─── DATA SECTION

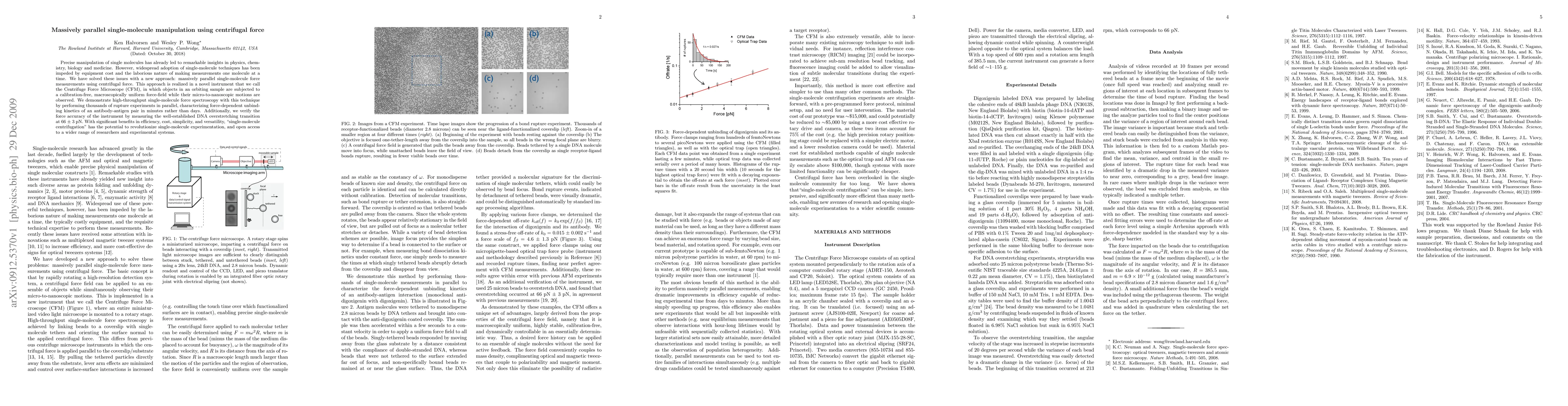 This paper introduces a novel Centrifuge Force Microscope (CFM) that enables massively parallel single-molecule manipulation using centrifugal force, significantly enhancing the efficiency and reducing the cost of single-molecule experiments. The CFM allows high-throughput force spectroscopy, enabling rapid characterization of molecular interactions and demonstrating potential to democratize single-molecule research.
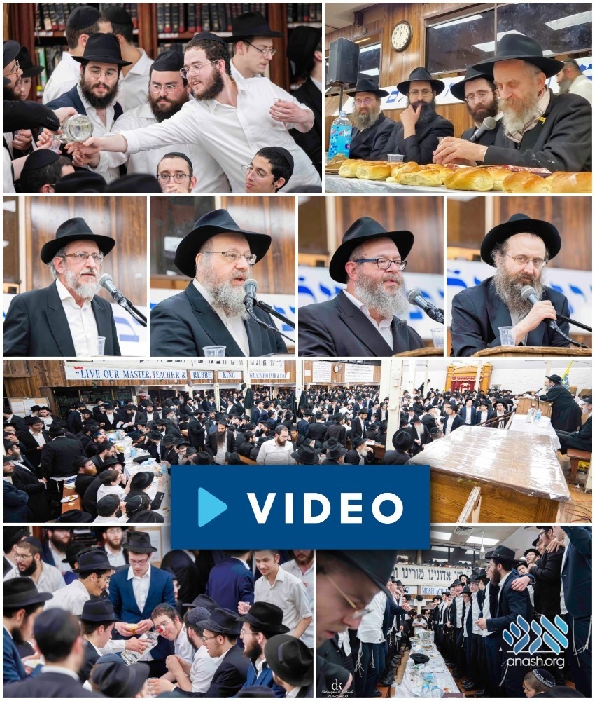 The farbrengen was addressed by Rabbi Yosef Yeshaya Braun member of Crown Heights Beis Din, Rabbi Michoel Golomb, mashpia in 770, Rabbi Yisroel Noach Vogel, and Rabbi Nissim Lagziel. Rabbi Yossi Paltiel taught the Rebbe’s new kapitel Tehillim. The MC was Rabbi Yankel Chazan.
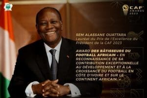 SEM Alassane Ouattara a été honoré par la Confédération Africaine de Football (CAF) » En reconnaissance à sa contribution exceptionnelle au développement et à la croissance du football en Côte d’Ivoire et sur le continent africain« .Présent à Marrakech, le ministre délégué des sports et du cadre de vie, Adjé Silas Metch a réceptionné le trophée du Président de la République de Côte-d’Ivoire.
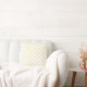 Bolinhas clara amarela e branca em um Travesseiro.

──────

### YOUR OBJECTIVE:
Print the preceding material over again exactly. Please leave the pictures out.

### ANSWER SPACE:
 This paper introduces a novel Centrifuge Force Microscope (CFM) that enables massively parallel single-molecule manipulation using centrifugal force, significantly enhancing the efficiency and reducing the cost of single-molecule experiments. The CFM allows high-throughput force spectroscopy, enabling rapid characterization of molecular interactions and demonstrating potential to democratize single-molecule research.
 The farbrengen was addressed by Rabbi Yosef Yeshaya Braun member of Crown Heights Beis Din, Rabbi Michoel Golomb, mashpia in 770, Rabbi Yisroel Noach Vogel, and Rabbi Nissim Lagziel. Rabbi Yossi Paltiel taught the Rebbe’s new kapitel Tehillim. The MC was Rabbi Yankel Chazan.
 SEM Alassane Ouattara a été honoré par la Confédération Africaine de Football (CAF) » En reconnaissance à sa contribution exceptionnelle au développement et à la croissance du football en Côte d’Ivoire et sur le continent africain« .Présent à Marrakech, le ministre délégué des sports et du cadre de vie, Adjé Silas Metch a réceptionné le trophée du Président de la République de Côte-d’Ivoire.
 Bolinhas clara amarela e branca em um Travesseiro.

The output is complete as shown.